▶ **Provided material**:

========================================================================

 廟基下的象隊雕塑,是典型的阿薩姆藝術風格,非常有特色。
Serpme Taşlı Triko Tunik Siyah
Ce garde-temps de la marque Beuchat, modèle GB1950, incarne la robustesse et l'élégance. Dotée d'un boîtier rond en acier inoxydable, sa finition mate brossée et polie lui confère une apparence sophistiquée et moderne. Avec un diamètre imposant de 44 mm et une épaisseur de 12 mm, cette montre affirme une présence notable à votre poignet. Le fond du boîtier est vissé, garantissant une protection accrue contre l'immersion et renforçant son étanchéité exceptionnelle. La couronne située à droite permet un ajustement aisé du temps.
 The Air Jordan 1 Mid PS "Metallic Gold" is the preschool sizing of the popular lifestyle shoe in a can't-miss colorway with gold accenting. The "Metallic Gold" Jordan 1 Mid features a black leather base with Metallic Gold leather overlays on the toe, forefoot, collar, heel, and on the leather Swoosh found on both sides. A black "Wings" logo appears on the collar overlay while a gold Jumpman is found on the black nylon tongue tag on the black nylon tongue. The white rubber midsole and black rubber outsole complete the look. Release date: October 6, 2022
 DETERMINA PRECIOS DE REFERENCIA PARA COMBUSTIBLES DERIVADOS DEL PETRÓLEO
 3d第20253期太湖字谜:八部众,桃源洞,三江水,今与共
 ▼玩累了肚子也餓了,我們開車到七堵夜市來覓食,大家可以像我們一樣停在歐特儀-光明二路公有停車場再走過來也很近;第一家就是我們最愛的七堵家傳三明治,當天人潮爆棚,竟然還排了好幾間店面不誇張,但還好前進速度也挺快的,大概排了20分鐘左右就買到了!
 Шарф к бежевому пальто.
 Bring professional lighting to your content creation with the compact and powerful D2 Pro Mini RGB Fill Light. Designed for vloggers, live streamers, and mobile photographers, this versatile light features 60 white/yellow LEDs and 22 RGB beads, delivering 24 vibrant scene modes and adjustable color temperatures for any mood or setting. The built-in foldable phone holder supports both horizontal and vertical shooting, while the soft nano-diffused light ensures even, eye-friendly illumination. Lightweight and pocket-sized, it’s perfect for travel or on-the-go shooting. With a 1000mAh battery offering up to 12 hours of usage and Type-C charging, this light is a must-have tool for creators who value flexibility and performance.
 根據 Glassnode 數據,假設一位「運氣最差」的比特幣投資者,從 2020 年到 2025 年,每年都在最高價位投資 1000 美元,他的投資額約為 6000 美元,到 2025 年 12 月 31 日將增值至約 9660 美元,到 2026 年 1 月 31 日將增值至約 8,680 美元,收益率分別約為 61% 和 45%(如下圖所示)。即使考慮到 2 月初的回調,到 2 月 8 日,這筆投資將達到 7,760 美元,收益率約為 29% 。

========================================================================

▶ **What to do**: For the listing above, work out how many lines contain the string "white" and return only that figure.

▶ **Solution to the problem**: 2